▶ **Exercise description**
Word for word, restate the lines of the data below between those holding "星星的孩子,虽在遥远星辰中独" and "Protector de esquí", inclusive; pictures do not belong in the copy.

── Supplied information ──

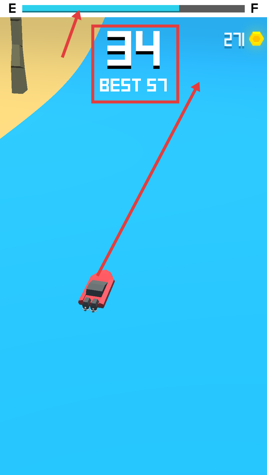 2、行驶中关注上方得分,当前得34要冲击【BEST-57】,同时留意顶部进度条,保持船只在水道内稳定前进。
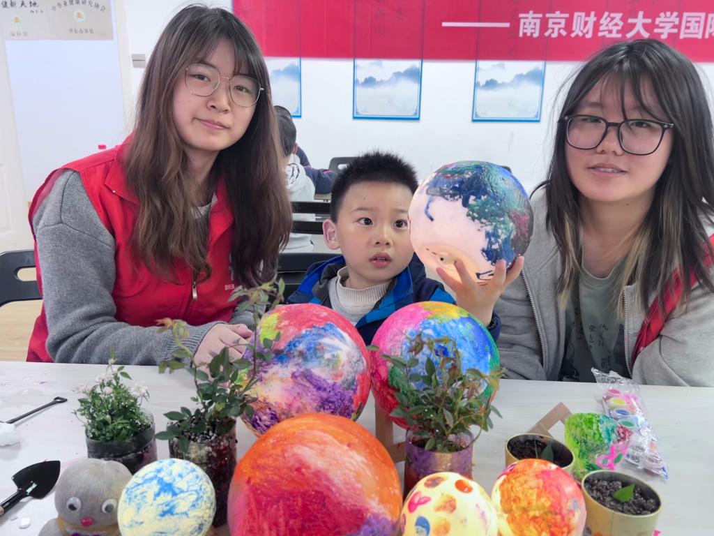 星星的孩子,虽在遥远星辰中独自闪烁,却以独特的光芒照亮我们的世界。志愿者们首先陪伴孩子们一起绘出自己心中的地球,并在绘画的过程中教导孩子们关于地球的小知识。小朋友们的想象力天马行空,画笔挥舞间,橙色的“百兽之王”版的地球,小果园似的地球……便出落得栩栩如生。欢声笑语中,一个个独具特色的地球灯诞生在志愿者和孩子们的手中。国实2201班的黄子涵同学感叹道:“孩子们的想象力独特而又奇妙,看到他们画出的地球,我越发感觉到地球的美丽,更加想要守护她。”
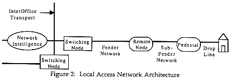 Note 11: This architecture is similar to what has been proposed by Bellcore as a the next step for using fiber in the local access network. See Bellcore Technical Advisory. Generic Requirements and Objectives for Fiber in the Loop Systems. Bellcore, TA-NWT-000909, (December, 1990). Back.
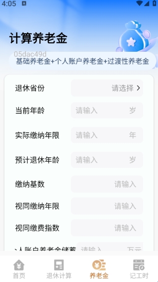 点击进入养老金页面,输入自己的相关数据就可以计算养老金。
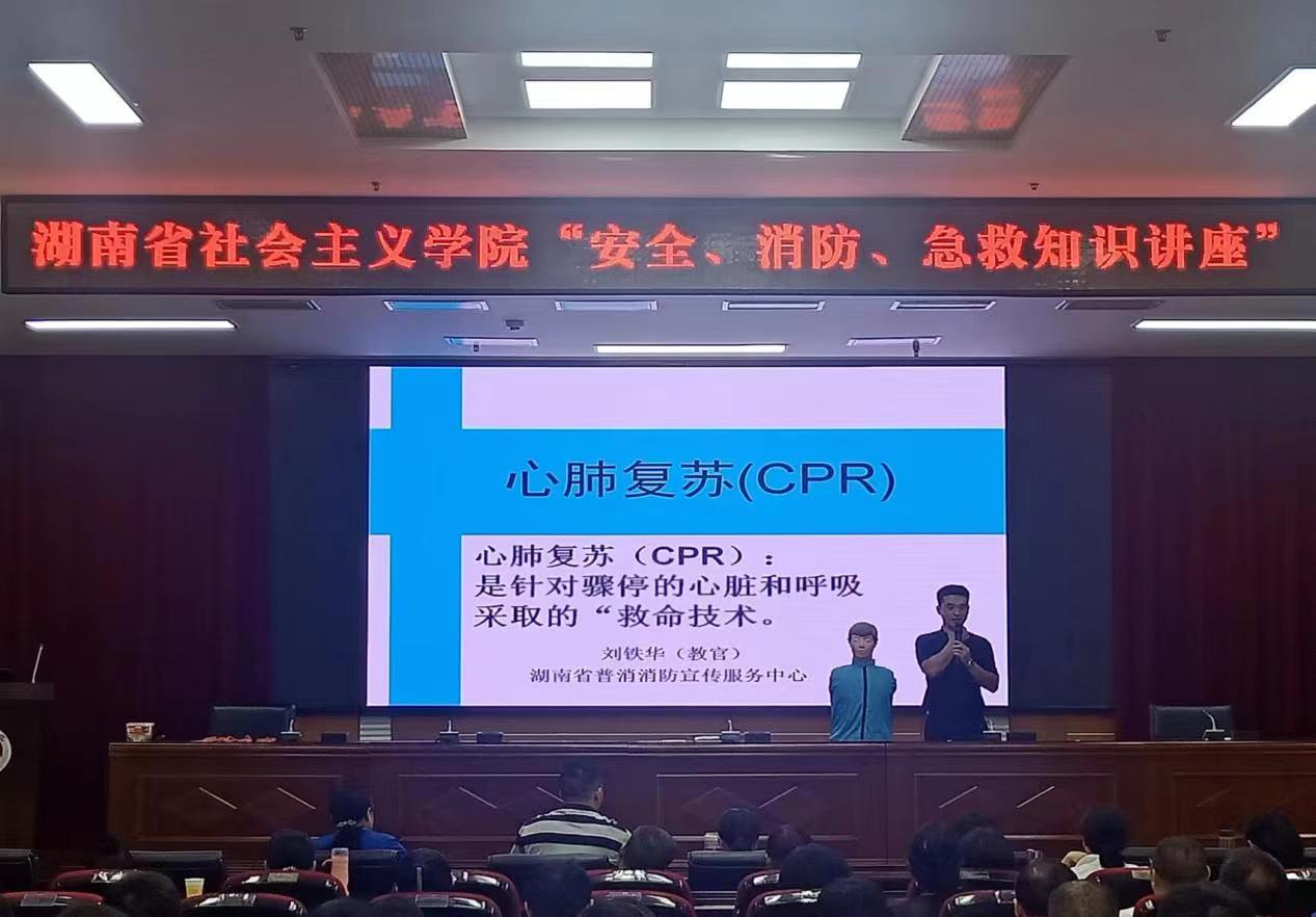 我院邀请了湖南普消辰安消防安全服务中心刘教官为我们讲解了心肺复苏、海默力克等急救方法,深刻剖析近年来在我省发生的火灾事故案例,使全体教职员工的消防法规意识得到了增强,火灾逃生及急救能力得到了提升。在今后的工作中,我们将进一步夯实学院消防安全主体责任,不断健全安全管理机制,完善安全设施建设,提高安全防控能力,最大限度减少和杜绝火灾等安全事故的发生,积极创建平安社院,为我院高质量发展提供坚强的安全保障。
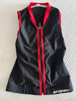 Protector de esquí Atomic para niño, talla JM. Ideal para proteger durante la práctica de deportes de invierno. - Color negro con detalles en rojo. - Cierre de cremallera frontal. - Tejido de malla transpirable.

───
── Supplied information ──

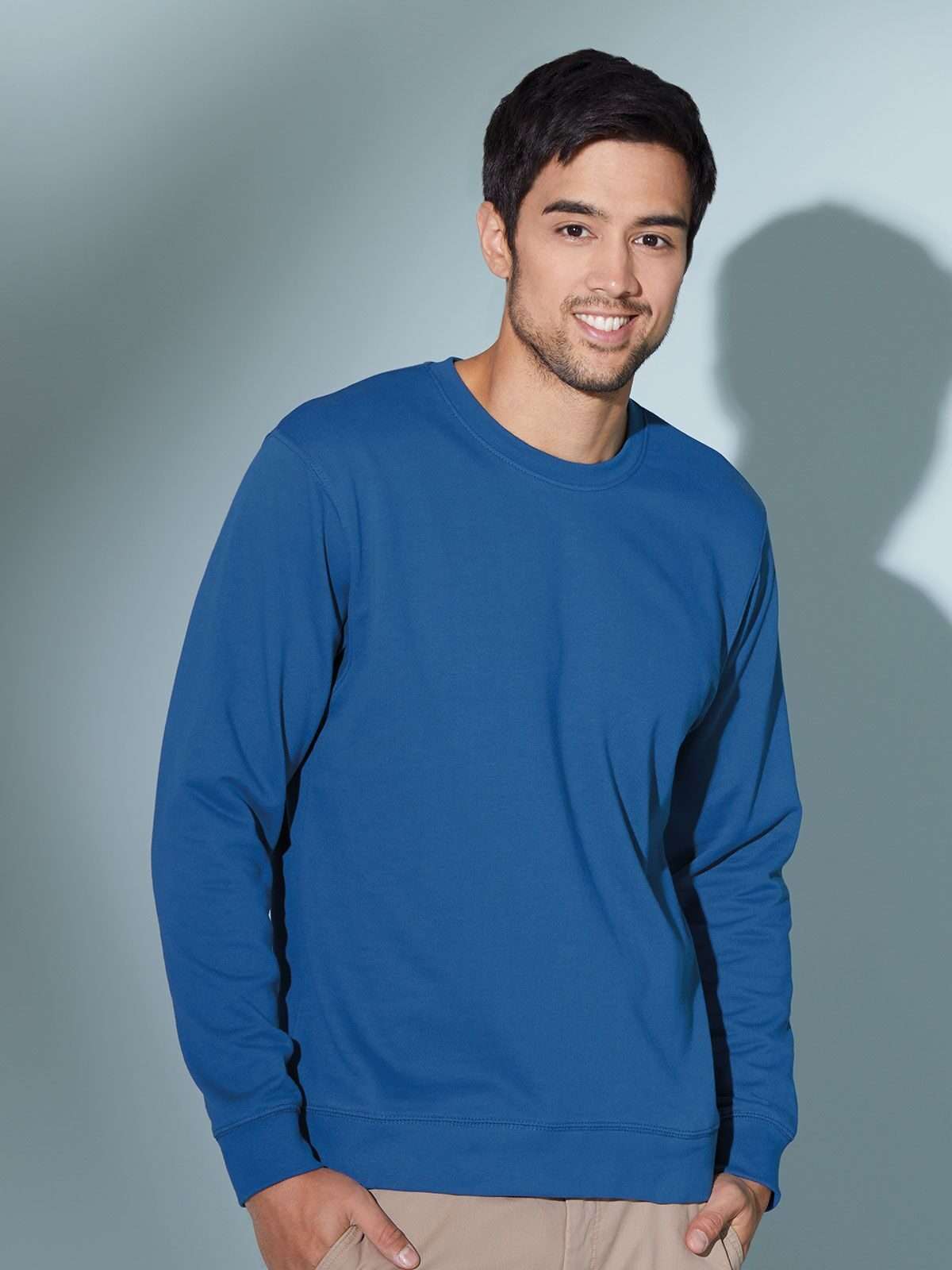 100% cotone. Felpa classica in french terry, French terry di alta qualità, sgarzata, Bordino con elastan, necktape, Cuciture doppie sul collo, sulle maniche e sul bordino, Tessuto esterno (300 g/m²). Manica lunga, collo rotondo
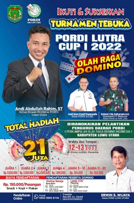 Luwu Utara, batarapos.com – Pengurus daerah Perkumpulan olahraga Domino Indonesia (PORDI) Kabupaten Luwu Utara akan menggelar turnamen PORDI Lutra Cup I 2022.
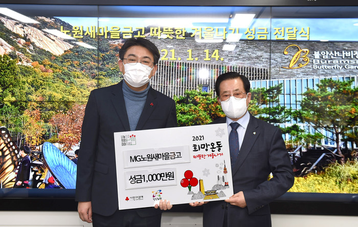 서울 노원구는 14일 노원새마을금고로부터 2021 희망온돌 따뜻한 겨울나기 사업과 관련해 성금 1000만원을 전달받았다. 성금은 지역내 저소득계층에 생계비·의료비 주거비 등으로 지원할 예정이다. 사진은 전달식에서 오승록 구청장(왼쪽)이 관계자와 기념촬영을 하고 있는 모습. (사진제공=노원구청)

───

▶ **Task response**
 星星的孩子,虽在遥远星辰中独自闪烁,却以独特的光芒照亮我们的世界。志愿者们首先陪伴孩子们一起绘出自己心中的地球,并在绘画的过程中教导孩子们关于地球的小知识。小朋友们的想象力天马行空,画笔挥舞间,橙色的“百兽之王”版的地球,小果园似的地球……便出落得栩栩如生。欢声笑语中,一个个独具特色的地球灯诞生在志愿者和孩子们的手中。国实2201班的黄子涵同学感叹道:“孩子们的想象力独特而又奇妙,看到他们画出的地球,我越发感觉到地球的美丽,更加想要守护她。”
 Note 11: This architecture is similar to what has been proposed by Bellcore as a the next step for using fiber in the local access network. See Bellcore Technical Advisory. Generic Requirements and Objectives for Fiber in the Loop Systems. Bellcore, TA-NWT-000909, (December, 1990). Back.
 点击进入养老金页面,输入自己的相关数据就可以计算养老金。
 我院邀请了湖南普消辰安消防安全服务中心刘教官为我们讲解了心肺复苏、海默力克等急救方法,深刻剖析近年来在我省发生的火灾事故案例,使全体教职员工的消防法规意识得到了增强,火灾逃生及急救能力得到了提升。在今后的工作中,我们将进一步夯实学院消防安全主体责任,不断健全安全管理机制,完善安全设施建设,提高安全防控能力,最大限度减少和杜绝火灾等安全事故的发生,积极创建平安社院,为我院高质量发展提供坚强的安全保障。
 Protector de esquí Atomic para niño, talla JM. Ideal para proteger durante la práctica de deportes de invierno. - Color negro con detalles en rojo. - Cierre de cremallera frontal. - Tejido de malla transpirable.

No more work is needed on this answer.